5 Things We Learned: Manchester United 2 West Bromwich Albion 0
By Thomas Doyle
1. Rooney racks up the goals
Wayne Rooney may not have shone in the same manner as the likes of Cristiano Ronaldo or Leo Messi this season, yet he is no less important to Manchester United’s hopes of retaining their Premier League crown. The manner in which he gambled on Javier Hernandez’s shot to poke past a helpless Ben Foster for the first showed pure predatory instinct, while the 25-year-old expertly dispatched a penalty snugly into the corner of the net to calm the Old Trafford crowd. While all this year’s talk has been of Robin van Persie’s heroic efforts, Demba Ba’s prowess and Fernando Torres’ horror show, Rooney now has 26 this season in all competitions, and with 9 in 6, he is hitting form at exactly the right time as United look to hoover up points against bottom-half opposition.
2. Ashley Young proves his worth
After a fine performance at White Hart lane last weekend, Ashley Young continued in the same vein against West Brom. The winger was full of tricks, pace and poise throughout, and worked hard for the team in what could have been a tricky encounter. While he missed out on the goal that his play deserved, Young did win the penalty with a neat turn of pace from which Rooney closed out the game. With Antonio Valencia still regaining fitness, Young’s return to the team is a welcome reminder that United are not short of quality on the flanks. It’ll be interesting to see how the former Aston Villa man handles his first ever title run-in, but his confidence suggests that he is relishing the opportunity to prove his worth.

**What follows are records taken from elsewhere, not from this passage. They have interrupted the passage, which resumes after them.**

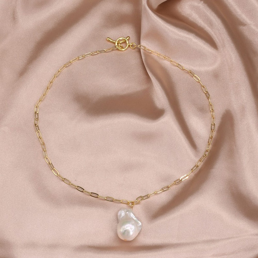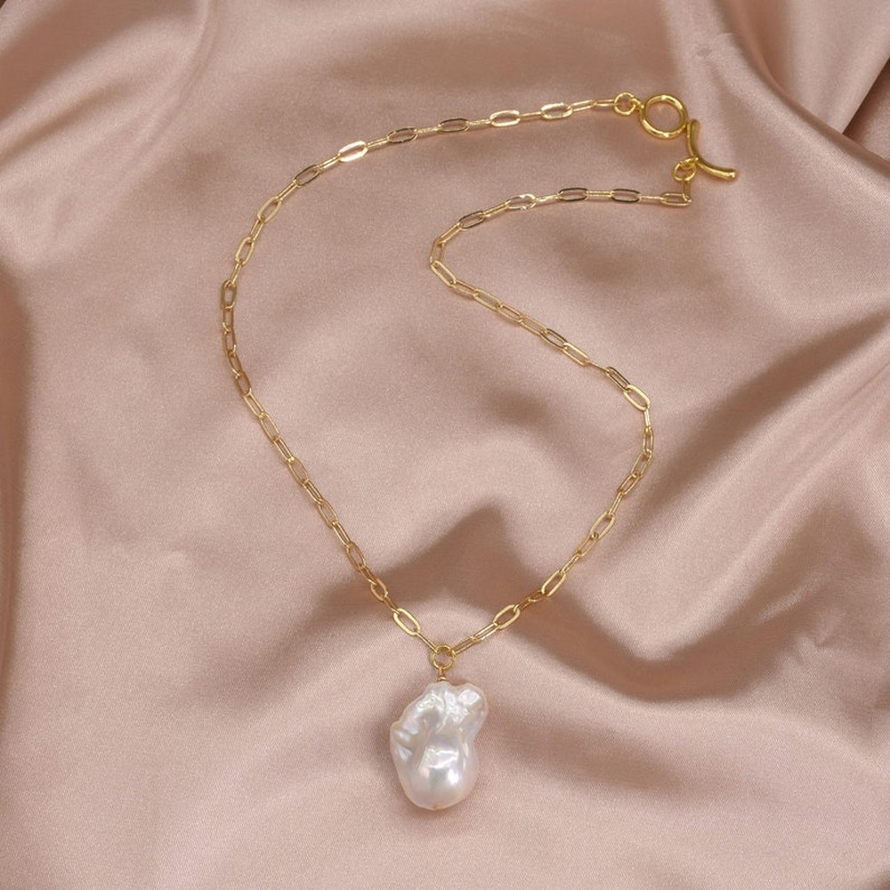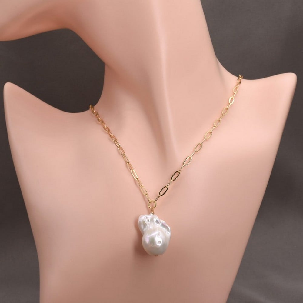 Bold, organic, and beautifully radiantour gold plated chain necklace with a large baroque pearl pendant is a statement piece designed to elevate any wardrobe. Featuring a naturally formed fireball-style pearl suspended from a sleek gold chain, this necklace blends contemporary elegance with timeless organic beauty.
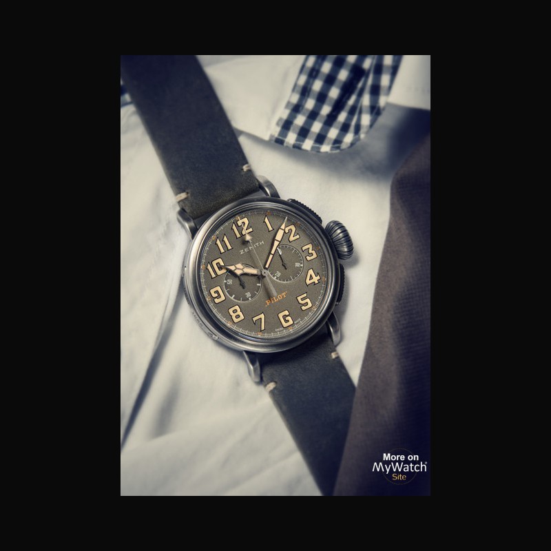 Une apparence fonctionnelle. Des attributs retravaillés pour vriller le bitume. L’esprit des motos Café Racer trouve écho dans le moteur du modèle Heritage Pilot Café Racer. Nulle place au superflu : technique, performance et précision sont au cœur de ce mouvement de légende. Issu d’une lignée mythique – le chronographe de série le plus précis au monde conçu par Zenith en 1969 – le calibre chronographe El Primero 4069 à remontage automatique bat à la cadence effrénée de 36’000 alternances par heure, pour un affichage du chrono au 1/10e de seconde. Il propose les fonctions heures et minutes centrales, petite seconde à 9h et chronographe, pour une réserve de marche de plus de 50 heures. Note finale, un bracelet de force en nubuck gras doublé de caoutchouc, muni d’une boucle ardillon en titane, souligne la nature authentique de cette montre pour férus de belle mécanique et de grands espaces.
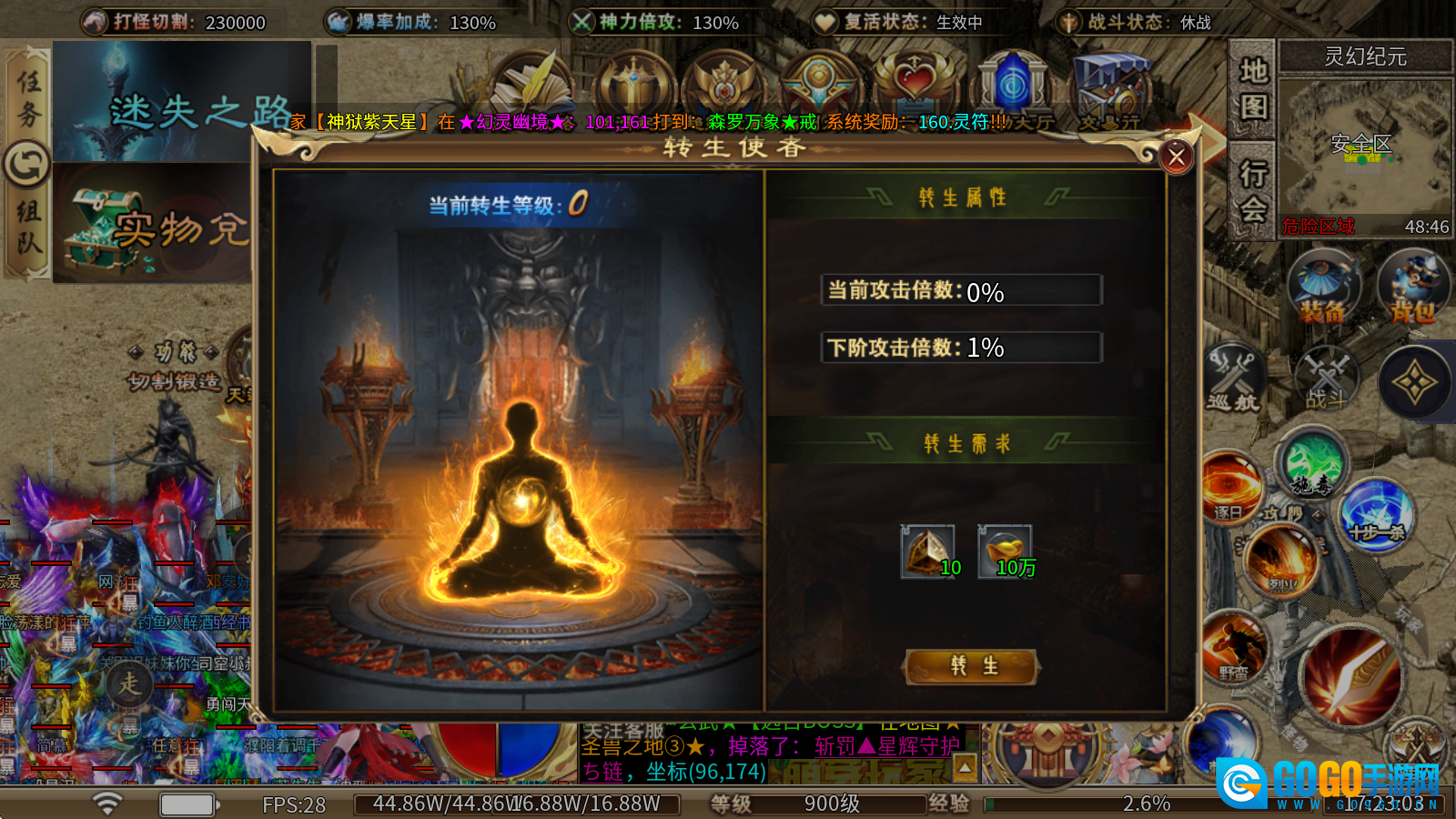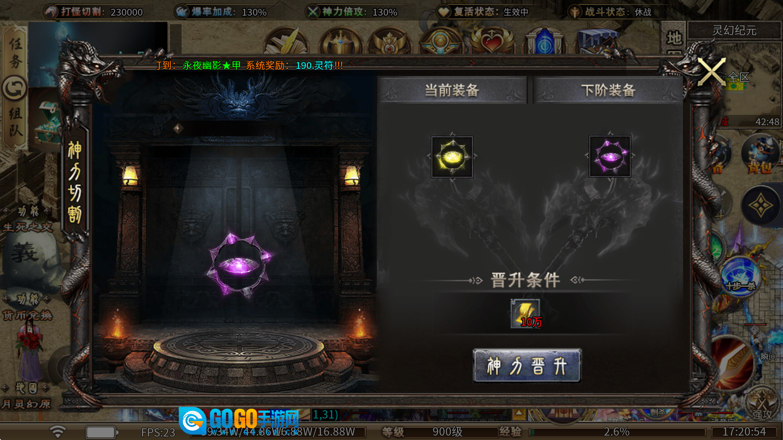 转生使者:消耗永恒圣石与元宝进行提升,每提升一级都能获得神力倍攻的加成。

3. Hernandez and Welbeck vying for supporting role
Unless Wayne Rooney has a catastrophic loss of form or loses a leg, he will undoubtedly be the first choice striker for the remainder of the season. Even though United have exercised their right to extend Dimitar Berbatov’s contract for another year, his lack of games suggests that this was to ensure a transfer fee rather than letting him leave on a free in the summer. Therefore, it seems as though the extra striking place in United’s preferred 4-4-2 is up for grabs for Danny Welbeck and Javier Hernandez. Both impressed on Sunday, and either of them could (and perhaps should) have ended up with two or three strikes. The Mexican’s shot set up Rooney’s goal in the first half and he cracked the post in the second, while Welbeck linked delightfully with Young throughout, and should have converted after rounding Foster in the second half. Both strikers (Hernandez’s current form) will have to improve their finishing in order to become an automatic pick, but with three strikers looking sharp, Sir Alex Ferguson has an attractive selection dilemma up front.

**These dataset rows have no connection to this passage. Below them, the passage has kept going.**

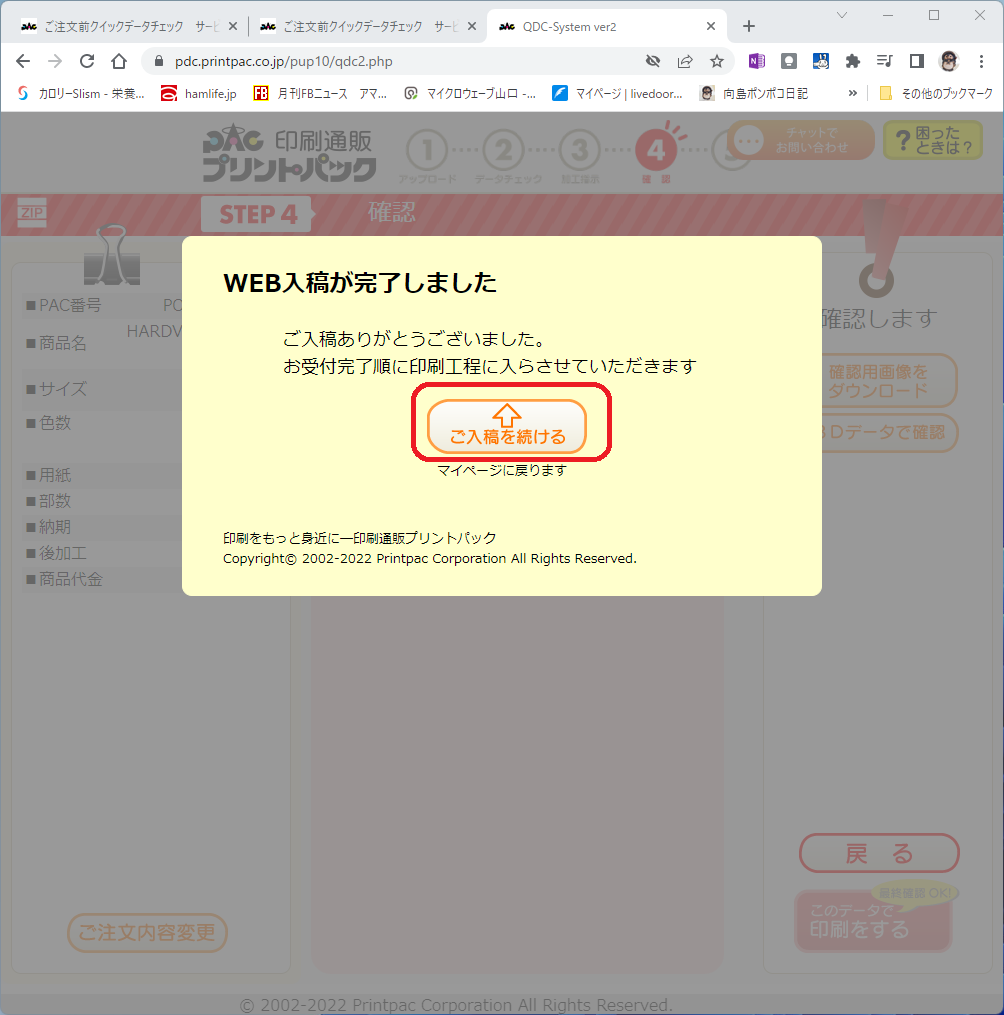 WEB入稿が完了したので「ご入稿を続ける」でマイページに戻ります。
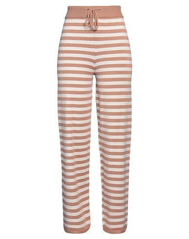 knitted, lightweight knit, brand logo, striped, high waisted, drawstring waist, regular fit, without pockets, hand wash or dry clean, do not bleach, do not tumble dry, do not iron, straight-leg trousers
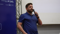 Gerente Administrativo da Lotep, Fillipi Correia, durante sua fala no evento. Foto: Laura Moura.
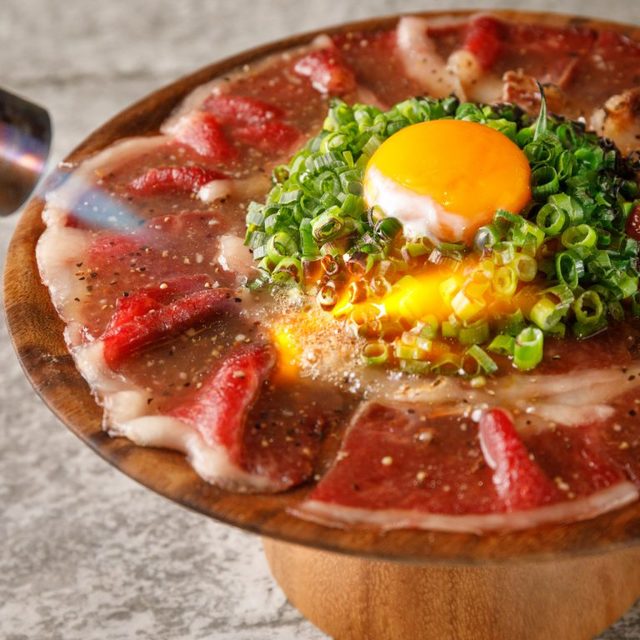 こちらの名物は、見た目も鮮やかな「霜降り牛の炙りカルパッチョ 」。黒毛和牛の霜降り肉を贅沢に使用した”お肉のカルパッチョ”で、目の前で炙るパフォーマンスはデートや女子会で喜ばれること間違いなし。口に入れた瞬間にとろける幸せをぜひ体感してほしい。
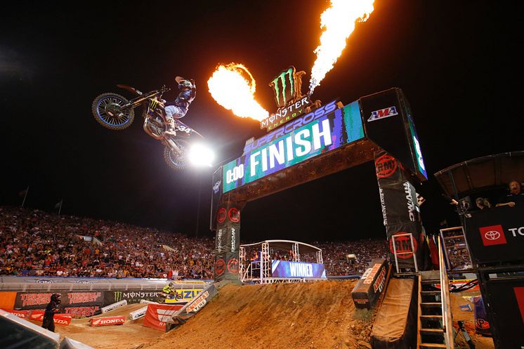なお最高峰の450SXでは、「Monster Energy/Yamaha Factory Racing Team」のジャスティン・バーシア選手がランキング13位、プレシンジャー選手がランキング16位。250SXウエストでは、コルト・ニコルズ選手がランキング3位、250SXウエストではジャスティン・クーパー選手がランキング2位を獲得しています。

4. Goal difference could be key
After Manchester City’s loss to the swashbuckling Swansea, United now find themselves clear by a point, and with an easier run-in than their noisy neighbours. However, goal difference may still turn out to be key in a frantic dash to the finish line, and City sit pretty with a 8 goal cushion. West Brom have proved to be difficult customers in recent weeks, and Roy Hodgson’s caused an upset against Chelsea that cost Andre Villas Boas his job. Still, Ferguson would have expected United’s forwards to fill their boots after Jonas Olsson was sent off. The scoreline was a comfortable 2-0, but if the title does manage to come down to goal difference on the final day, United will not want to rue missing easy chances on days like these. Young, Welbeck and Hernandez wasted presentable chances, and these will have to hit the net in order to claw back City’s impressive tally.
5. Paul Pogba may not be leaving…yet
Many newspapers and sports websites carried the story in midweek that promising United youngster Paul Pogba had agreed to join Juventus in a four year deal after United failed to match his lofty pay demands. With this in mind, fans were perplexed to see Pogba’s name on the substitutes’ bench on Sunday, and even more so to see him replace Paul Scholes in the second half with the game won. Ferguson would never give a young player that had already decided to leave any minutes at Old Trafford, so it is clear that the issue is still unresolved. Ferguson told MUTV earlier in the day that: “The boy is still trying to make up his mind but he knows where he should be.”
With game time and encouraging words, Ferguson rarely goes as far for wantaway youths as he has done already with Pogba, and the Frenchman can consider this a golden, final, opportunity. While Ferguson and David Gill are reluctant to meet the demands of Pogba should other youngsters with potential demand a pay increase, the 18-year-old Frenchman is an undeniable talent, and could well go on to great things for United. Whether he feels the same way is up to him.